Clusters are groups of similar components that work together to service client requests.
A cluster is a parallel or distributed computing system made up of many discrete hosts that form a single, unified computing resource. Through clustering, you can partition the system load across redundant Unwired Platform components to design a highly-available system.
There are two tiers you can install in a cluster: the server tier (Unwired Server) and the data tier (runtime databases). The server tier may further be supported by a relay server and a load balancer, depending on the scale of your rollout.
Each tier uses a different type of cluster model:
- Load-balancing server tier clusters – improve the system performance by sharing workloads and requests, and improving the efficiency of Unwired Server services (like synchronization and deployment). Requests initiated from the client are managed by a load balancer (or application request routing services in the case of some IIS deployments) for two or more relay servers. This load balancer distributes requests to these relay servers (or some other mechanism) among all the Unwired Server cluster nodes. Each node in the Unwired Server cluster scales independently and automatically when another Unwired Server node joins or leaves the cluster.
- Failover data tier clusters – improve the availability of runtime database services to Unwired Servers. Failover clusters have a redundant node, which provides data tier services when the primary node fails. The most common size for a failover consolidated database cluster is two nodes, which is the minimum requirement to provide redundancy and thereby eliminate single points of failure.

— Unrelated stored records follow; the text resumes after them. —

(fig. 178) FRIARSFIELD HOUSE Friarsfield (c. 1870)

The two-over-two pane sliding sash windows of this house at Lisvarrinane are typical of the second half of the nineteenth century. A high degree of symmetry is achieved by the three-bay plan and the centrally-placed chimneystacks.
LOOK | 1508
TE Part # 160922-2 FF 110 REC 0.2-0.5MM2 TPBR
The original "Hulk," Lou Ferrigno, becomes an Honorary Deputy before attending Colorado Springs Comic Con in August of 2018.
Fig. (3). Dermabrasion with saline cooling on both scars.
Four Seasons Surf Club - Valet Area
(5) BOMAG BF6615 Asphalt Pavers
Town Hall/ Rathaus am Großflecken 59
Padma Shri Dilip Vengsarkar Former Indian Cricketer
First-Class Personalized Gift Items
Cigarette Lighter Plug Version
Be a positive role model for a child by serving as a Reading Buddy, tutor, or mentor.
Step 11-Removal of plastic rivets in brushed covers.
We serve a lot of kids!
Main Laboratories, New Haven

Note: The data tier does not need a relay server, since it will not be accessed directly from outside the firewall.
Each Unwired Server cluster has a primary node:
- The primary node contains the master copy of the configuration repository for all nodes in the cluster. The primary node distributes its configuration to the other nodes.

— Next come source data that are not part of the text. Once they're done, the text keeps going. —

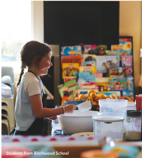
Students from Birchwood School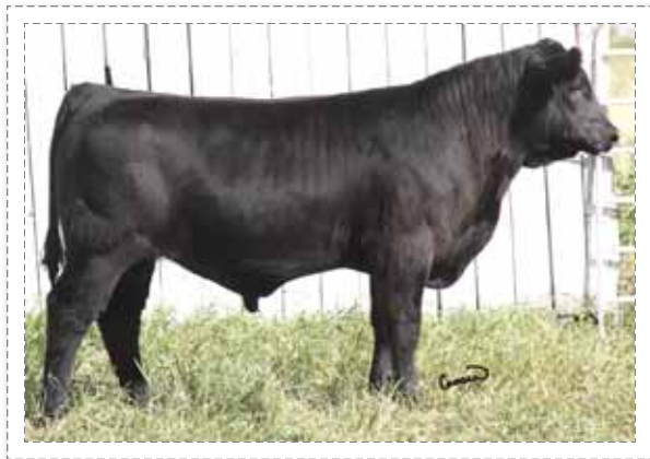
112A ~ MCC Casey 14A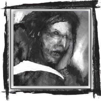
UTLUNTA, THE SPEARFINGER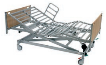
Designed to fit the Octave bariatric bed.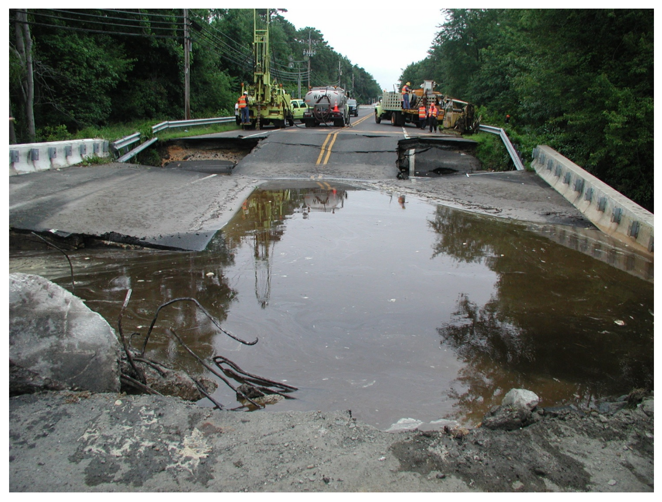
Bridge Collapse – Emergency Work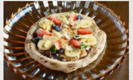
Chocolate Pizza 300.- Home-made Dark Chocolate Brownie with Madagascar Vanilla Ice Cream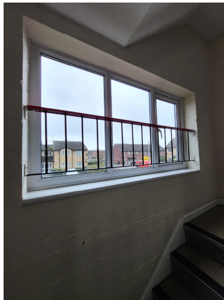
Windows (Communal Windows)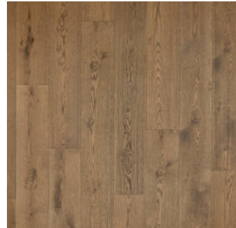
MARINA OAK WED17-03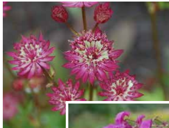
Astrantia or masterwort

To a new gardener I would say, start small, with a few pots—flowers or vegetables. Choose plants carefully, make sure they are healthy. Water regularly and don't forget to fertilize. See how you get along. If all goes well, go bigger the following year.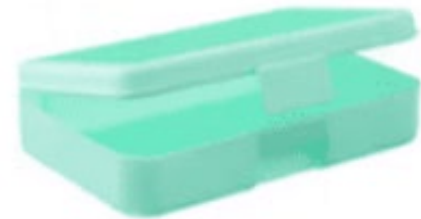
TEAL Plastic Storage box with Hinged Lid DIMENSION: 7.9" x 5.4" x 2.0"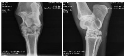
Digital Radiograph Hock Set 2 Views of each hock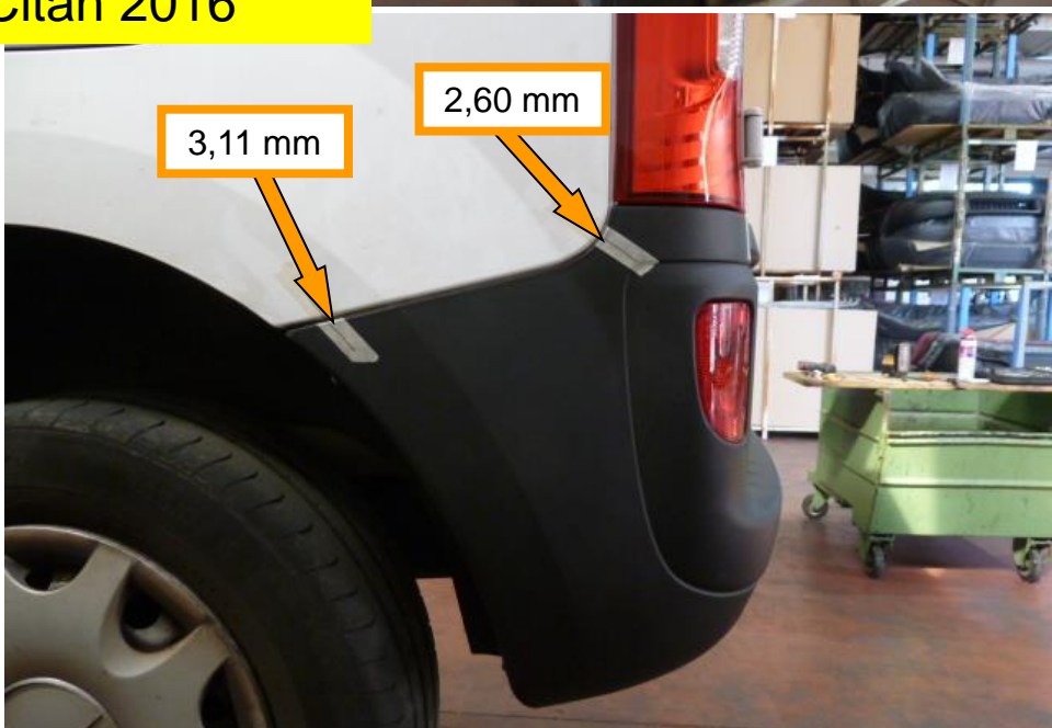
Poliplast Rear bumper L/H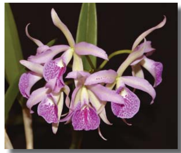
Bc. Maikai 'Mayumi' HCC/AOS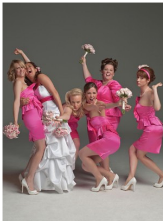
Please, please see this movie.

Bridesmaids is sure to be an instant classic.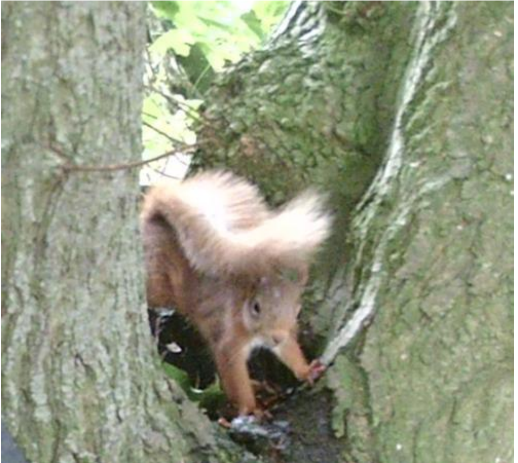
Flass, Maulds Meaburn

The story for the village is that I've not had too many reports of sightings, but in the area around Flass I am seeing plenty of reds, but there is a pesky grey(s?) that keeps making the occasional appearance

When a primary node fails, a new primary is elected from the remaining nodes.
- Each secondary node gets its configuration from the primary node. Nodes must have unique names, but are identified as members of the same cluster as the primary node.
Each Unwired Server in a cluster runs on a separate host. It can connect to the data tier independently, as well as have its own copy of the system files required for execution. Sybase recommends that each cluster node run from its own installation directory.